No dia seguinte, Dona Lurdes ligou-me cedo. — Mariana, recebeste o meu presente? Espero que gostes! — disse ela com uma voz doce, mas carregada de segundas intenções.

— Recebi sim, obrigada… — respondi, tentando soar natural.

— Olha que foi caro! Só para ti. Não deixes ninguém meter as mãos nisso! — riu-se ela.

Desliguei com um nó na garganta. A minha mãe apareceu logo depois para tomar café comigo. Reparei que olhava insistentemente para a minha pele.

— Estás diferente hoje… Estás a usar algum creme novo? — perguntou ela, meio desconfiada.

— Não… Nada de especial — menti.

A culpa começou a corroer-me por dentro. Sentia-me dividida entre agradar à sogra e não magoar a minha mãe. E Miguel cada vez mais distante.

Na sexta-feira seguinte, durante um jantar em casa dos pais do Miguel, Dona Lurdes não resistiu:

— Então Mariana, já estás a usar o creme que te dei? Olha que faz milagres!

A minha mãe ficou gelada. Olhou para mim com olhos de quem acabou de ser traída.

— Que creme é esse? — perguntou ela num tom cortante.

O silêncio caiu sobre a mesa como uma nuvem negra. Senti as lágrimas a quererem saltar-me dos olhos.

— É só um creme… — murmurei.

— Só um creme? Então porque é que não disseste nada? — insistiu ela.

O meu pai tentou apaziguar: — Deixem-se disso, é só um presente…

Mas Dona Lurdes não largava o osso:

— Eu só quis mimar a Mariana. Não sabia que ia causar tanto drama!

A partir desse dia, tudo mudou. A minha mãe começou a evitar vir cá a casa. A Sofia passou a mandar bocas sobre “preferências” e “filhas favoritas”. Miguel acusava-me de esconder coisas dele e eu sentia-me cada vez mais sozinha.

Uma noite, depois de uma discussão feia com Miguel sobre confiança e segredos, fugi para casa dos meus pais. A minha mãe recebeu-me com frieza:

— Agora lembras-te que tens mãe?

Chorei como há muito não chorava. Senti-me uma criança outra vez, perdida entre os adultos e os seus jogos de poder.

Os dias passaram arrastados. O ambiente em casa era insuportável. Miguel dormia no sofá e eu evitava olhar-lhe nos olhos. A Sofia afastou-se ainda mais e até o meu pai parecia cansado de tanta tensão.

Foi então que descobri que Dona Lurdes tinha contado à vizinhança toda que eu era “ingrata” e “mal-agradecida”. A Dona Graça comentou comigo na farmácia:

— Ouvi dizer que andas metida em confusões por causa de um creme…

Senti vergonha. Como é possível que algo tão pequeno tenha criado este caos?

Decidi enfrentar tudo de uma vez por todas. Convidei todos para jantar cá em casa: os meus pais, os sogros, a Sofia e até o meu irmão Pedro, que vive em Braga e raramente aparece.

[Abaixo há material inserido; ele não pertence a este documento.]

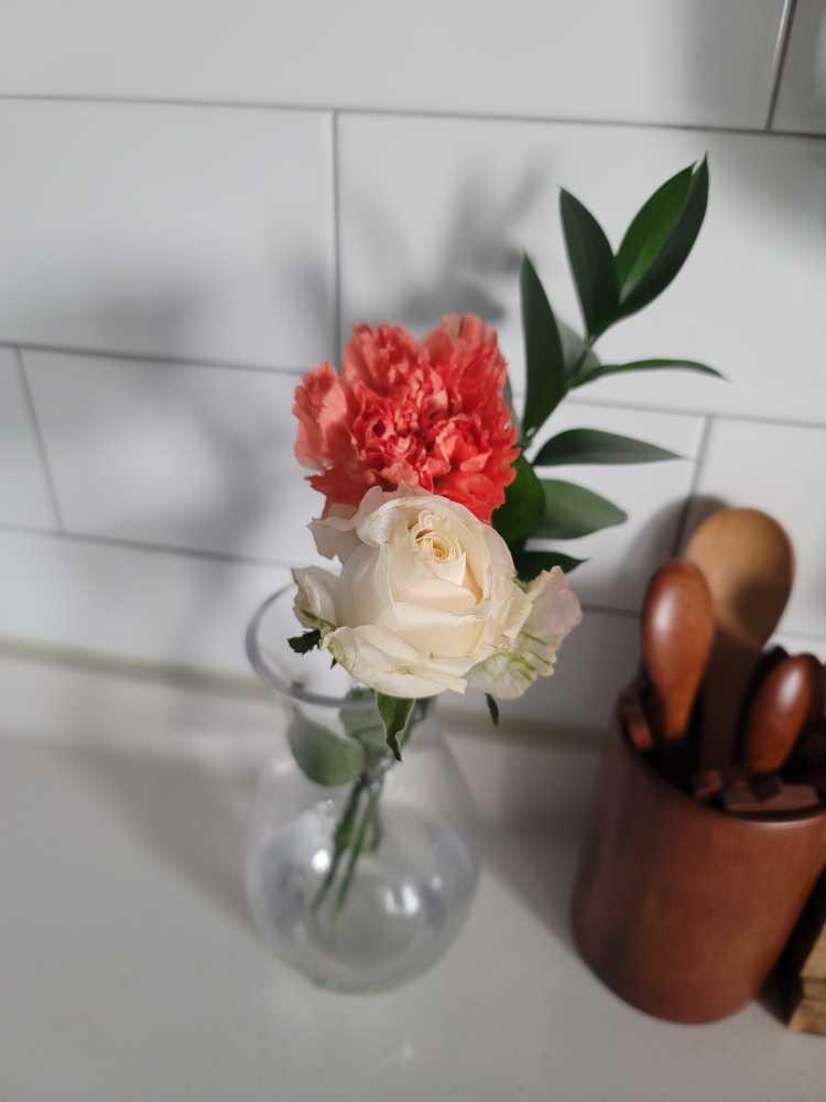 오렌지빛 카네이션과 피치장미로 화사해진 주방이에요^^

Preparei tudo ao pormenor: mesa posta com flores frescas, comida caseira e até uma sobremesa especial da receita da minha avó. Quando todos estavam sentados à mesa, respirei fundo e comecei:

— Sei que todos estamos magoados. Sei que errei ao esconder o presente da Dona Lurdes e ao mentir à mãe. Mas não posso continuar a viver nesta guerra fria por causa de um creme! Somos família…

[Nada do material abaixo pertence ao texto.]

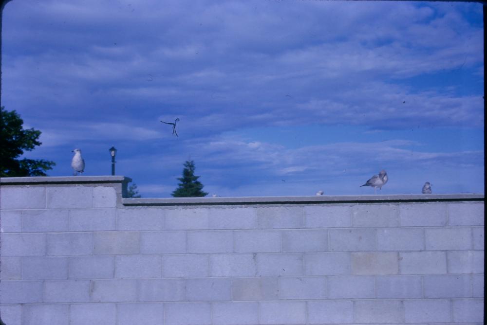 Photo on wall with trees and lampposts behind it. On top of the wall are several birds.

A minha mãe olhou-me nos olhos pela primeira vez em semanas:

— Mariana… Eu só queria sentir-me importante para ti.

Miguel suspirou:

— Eu devia ter confiado mais em ti.

Dona Lurdes encolheu os ombros:

— Talvez tenha exagerado…

A Sofia levantou-se da mesa:

— Estou farta destas guerras! Quero ter uma irmã como antes!

As lágrimas correram-me pelo rosto enquanto todos falavam ao mesmo tempo: desculpas misturadas com acusações antigas, mágoas guardadas há anos vieram ao de cima naquela noite.

No fim do jantar, sentámo-nos todos na sala em silêncio. O meu pai serviu um cálice de vinho do Porto e disse:

— Às vezes precisamos de uma tempestade para limpar o ar.

A reconciliação não foi imediata nem perfeita. Ainda hoje há feridas abertas e conversas difíceis por ter. Mas aprendi que as relações são frágeis como vidro — basta um gesto mal interpretado para tudo se partir.

Hoje olho para trás e pergunto-me: como é possível que um simples creme tenha exposto tantas inseguranças e ressentimentos? Será que alguma vez conseguimos perdoar verdadeiramente quem amamos? E vocês… já passaram por algo assim nas vossas famílias?